Medtronic has said that consulting arrangements with surgeons are critical to the development of new products. Company officials also say the $800,000 payments were compensation for Dr. Timothy Kuklo’s work developing products for the company, training doctors and speaking at company events and that they weren’t connected to the study or journal article in any way.
Not connected? How was this anything but a "fee for services rendered?" Medtronic made payments amounting to $800,000 Dr. Kuklo, the former Army surgeon who is accused of falsifying data in a study using Medtronic’s Infuse bone-graft product, and forging signatures of bogus co-authors on a paper reporting favorable results advantageous to Medtronic.
Furthermore, Medtronic acknowledged that some of the consulting payments occurred during the time that Dr. Kuklo, was shopping his favorable study of Medtronic’s Infuse bone-graft product to medical journals. Dr. Kuklo delivered: the paper was published by the Journal of Bone and Joint Surgery. It was then redacted when the journal was alerted to the fraud.
Medtronic’s payments to surgeons who use its spine products are under investigation by the Justice Department following accusations by several former employees that the doctors were being induced to use the products — allegations the company denies.
Posted by Vera Sharav
THE WALL STREET JOURNAL
Medtronic Paid the Surgeon Accused Of Falsifying Study Nearly $800,000
By DAVID ARMSTRONG and THOMAS M. BURTON
JUNE 18, 2009Medical device maker Medtronic Inc. says it paid nearly $800,000 over the past three years to a former Army surgeon accused of fabricating a study that reported positive results for one of the company’s key spine products.
Some of the consulting payments occurred during the time that the surgeon, Timothy R. Kuklo, was shopping his favorable study of Medtronic’s Infuse bone-graft product to medical journals. The paper, ultimately published last August in the Journal of Bone and Joint Surgery, reported advantages in healing the legs of injured soldiers when Infuse was used.

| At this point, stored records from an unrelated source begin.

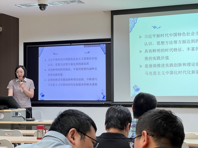 冉利华党课题目为:“西柏坡塔元庄研学活动”。她从学院总支4月组织的研学活动出发,介绍了ac米兰官方中文网站如何重走新时代“赶考路”,传承红色基因,从中汲取奋进的力量。她详细介绍了此次研习活动中所看到的正定县正定镇塔元庄乡村振兴的硕果、高科技的智慧农场等内容。
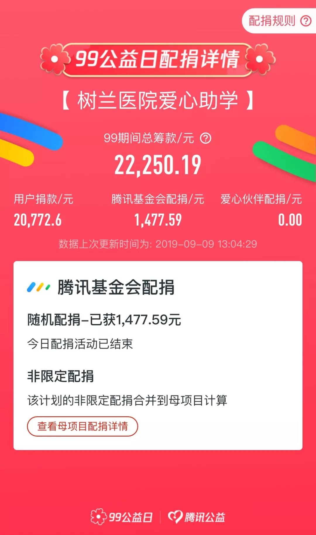 树兰(杭州)医院为更好地协助“小桔灯”助学项目,呼吁社会爱心力量参与帮助器官捐献者困难家庭,已经成功通过 “ 99公益日”的腾讯乐捐平台,为尚在就学阶段的器官捐献者困难家庭孩子筹集助学资金22250.19元。
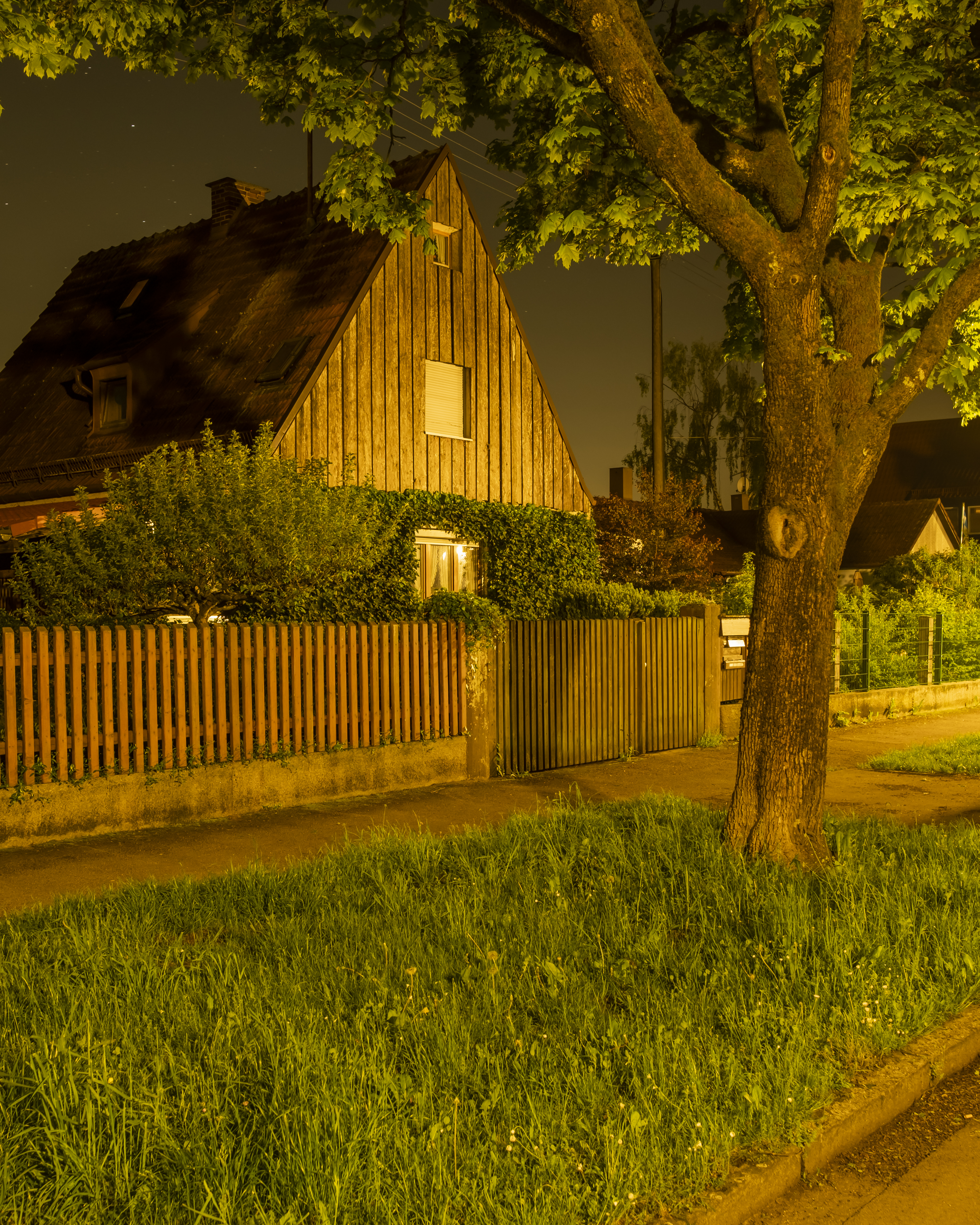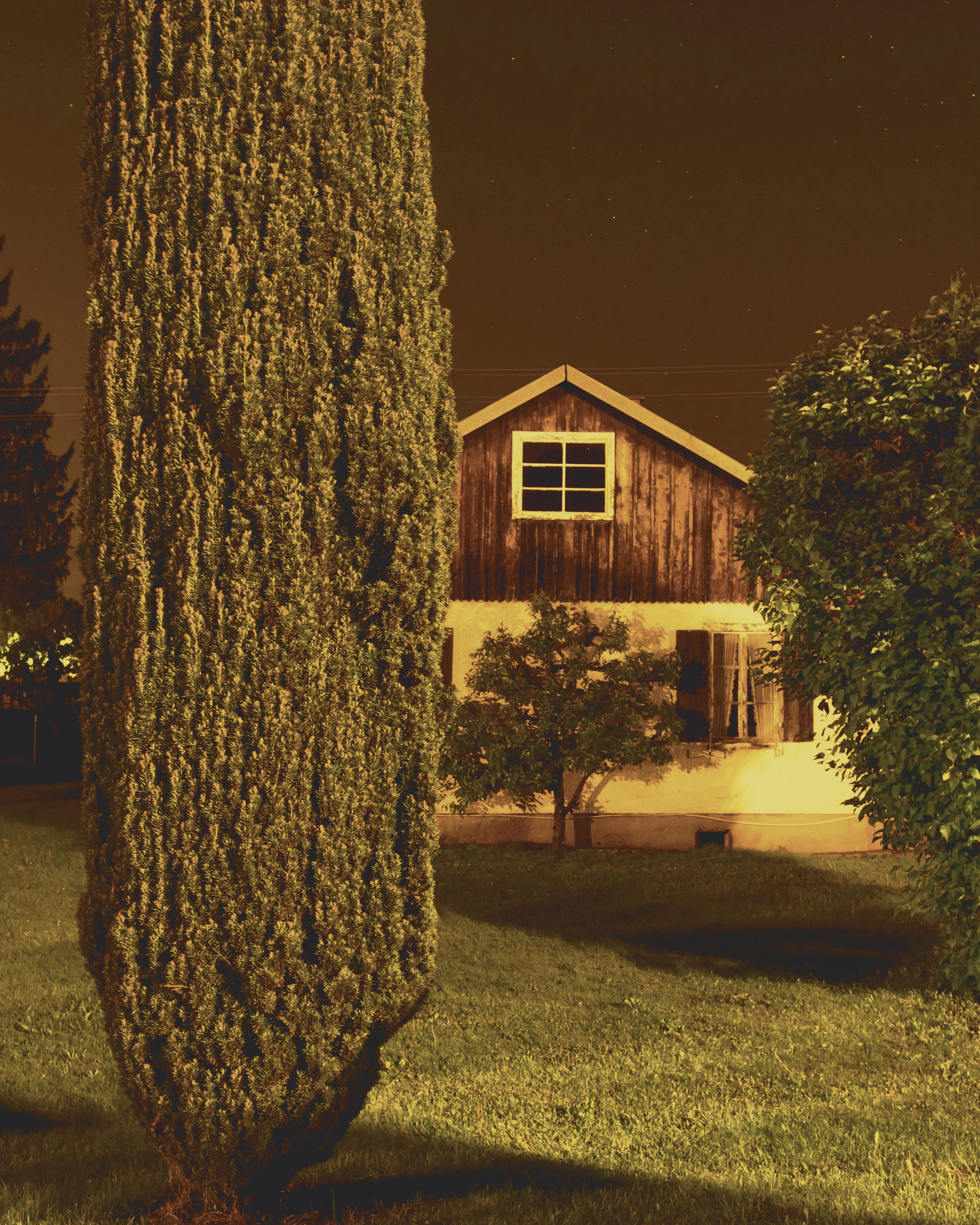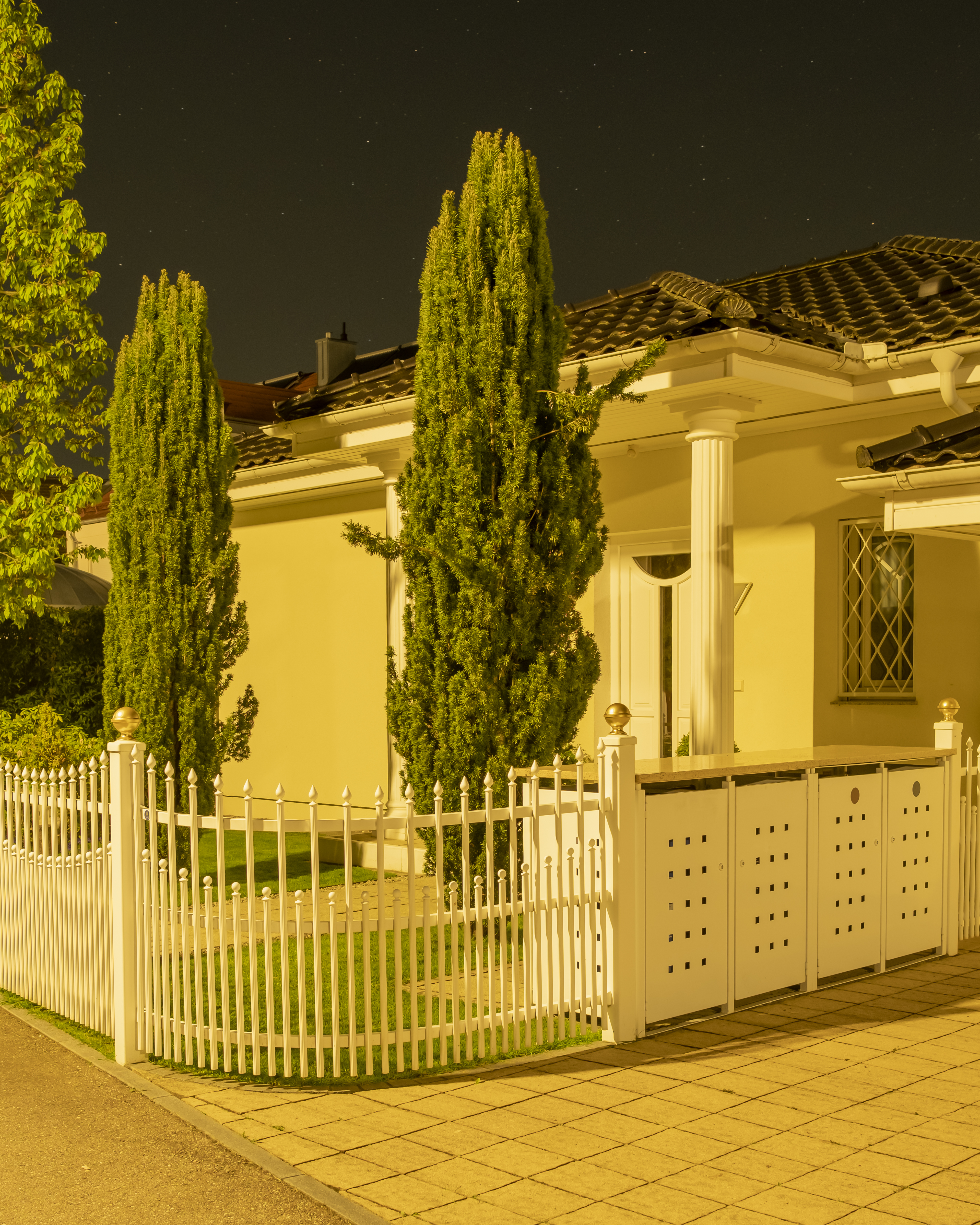 growing up in the outskirts of munich, residential architecture played a major role for me when growing up. Fascinated by the way family homes are all so similar and different at the same time, suburbanite is a celebration of the beauty of the german suburbia. Endless stretches of thuia hedges line up next to a variety of picket fences. It seems that the architecture of these vernacular places wants to stay hidden behind a wall of privacy. One can only guess what is going on inside of these homes. Only at nighttime when everybody else seems to be asleep, the sleeping town comes alive. Illuminated by the headlights of cars and the sodium vapour street lights, the landscape transforms into an eerie and liminal place. „Surburbanite“ tries to capture the feeling a strolling through a seemingly empty town, abandoned by their inhabitants . The viewer becomes the „suburbanite“ (eng. „a person inhabiting the suburbs“).

The Army has said that the study is based on "falsified information" and that Dr. Kuklo forged the signatures of purported co-authors. Dr. Kuklo listed his affiliation with Walter Reed Army Medical Center in the journal. He left the Army hospital in August 2006 and joined the faculty of Washington University in St. Louis.
Medtronic disclosed the payments to The Wall Street Journal Wednesday. It says the payments were compensation for Dr. Kuklo’s work developing products for the company, training doctors and speaking at company events and that they weren’t connected to the study or journal article in any way.
Bone and Joint Surgery withdrew the paper after the Army contacted it about the fraud allegations. Dr. Kuklo, who has taken a leave from the university, hasn’t commented publicly on the matter and didn’t return a message left at his home Wednesday. The university declined to say whether it was investigating Dr. Kuklo.
In 2007, Dr. Kuklo offered the study to at least two medical journals, according to the publications. Medtronic says it paid him $356,242 that year for consulting, speaking, travel and training services. In 2008, the year the study was published, Medtronic says it paid Dr. Kuklo $249,772.
Medtronic has said that consulting arrangements with surgeons are critical to the development of new products. Its payments to surgeons who use its spine products are under investigation by the Justice Department following accusations by several former employees that the doctors were being induced to use the products — allegations the company denies.
Medtronic last year provided Congress with a list of 22 consultants who worked specifically on Infuse-related matters. The payments to those doctors ranged from $100 a year to $67,600.
Surgeons with more general consulting arrangements, such as Dr. Kuklo, can earn more. Jeffrey Wang, chief of spine surgery at the University of California, Los Angeles, reported receiving $186,700 in product development, royalty and teaching payments from Medtronic from 2004 through 2007.
Medtronic placed its consulting relationship with Dr. Kuklo on "inactive status" in May, when the Army disclosed it had found problems with the study. In the first few months of 2009, it paid him $132,453.
Medtronic also says it paid Dr. Kuklo smaller amounts, including $42,627 in 2006, and picked up his expenses while he worked for the Army. The latter payments, which total $42,295 from 2001 through 2005, were primarily tied to travel to medical conferences and speeches at Medtronic events. Some went directly to third parties, such as hotels and airlines, the company said. The Army declined to comment, including answering whether such payments were legal.